Meningioangiomatosis(MA) is a rare malformative or hamartomatous lesion involved in meninges and cortex. Although it was originally described in association with NF-2, recent studies have revealed that it occurs more frequently in sporadic form. The pathogenesis remains unclear. MA has distinct histological and biological features to meningioma(M) but their association(MA-M) isn’t unfrequent.

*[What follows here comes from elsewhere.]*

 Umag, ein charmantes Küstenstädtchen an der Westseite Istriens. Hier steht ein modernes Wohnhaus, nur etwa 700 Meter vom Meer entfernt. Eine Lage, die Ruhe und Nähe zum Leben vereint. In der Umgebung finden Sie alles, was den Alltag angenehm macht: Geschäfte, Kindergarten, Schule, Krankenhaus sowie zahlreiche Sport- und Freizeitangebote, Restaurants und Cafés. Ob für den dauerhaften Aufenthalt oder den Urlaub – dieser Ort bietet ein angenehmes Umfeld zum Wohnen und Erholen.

Case report a 12-years-old male was referred to our paediatric division for a history of headhache associated to malformative lesions shown at a first radiological investigation (CT and MRI) done in other hospital when he was 6 years old. At that time, neurosurgeons recommended follow up program. The lesions haven’t change over the years, as shown at the follow-ups, however the persistence of headhache induced the family to request a second opinion. Our physical examination showed mental retardation. He had no family history or stigmata of NF2 and no seizure’s history, electroencephalography didn’t show anomalies. A head CT scan showed the presence of a right hyperdense single mass with gyriform signal pattern and clumped intralesional calcifications. MRI showed an intracranial mass measuring 2x3 × 2.5 cm located in the right posterior frontal cortex. The lesion was hyperintense on T2-weighted imaging and weakly hypointense on T1W1, with ring-like enhancement. MRI confirmed gyriform signal pattern associated to focal areas of cortical fronto-parietal dysplasia. The diagnosis of MA was made. Our patient didn’t present seizure and the lesions appeared stable compared with the previous MRI so, in compliance with the neurosurgeon’s advice, we established a long-term follow up program in association with symptomatic therapy for headhache.

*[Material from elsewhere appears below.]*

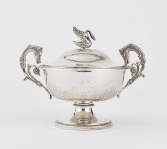 4663. Drageoir néoclassique à anses cheval et fretel cygne

MA occurs mainly in children and younger adults with male predisposition, suffering from intractable seizure and less frequently headhache. Atypical symptoms included vomiting, diabetes insipidus, facial weakness, muscle atrophy and pain. MA is a single lesion usually stable or slowly growing. Imaging diagnoses for MA is difficult. The most common finding on CT is a round, single, hypodense mass with varying degrees of calcification. On MRI, the lesions seem confined to the cortex. On T1WI, MA shows a low or iso-intense signal, on T2WI lesions are more frequently hyperintense, but sometimes they can be hypointense. A gyriform signal pattern is common on either CT or MRI, typical of sporadic MA and it’s helpful to distinguish pure MA from MA-M.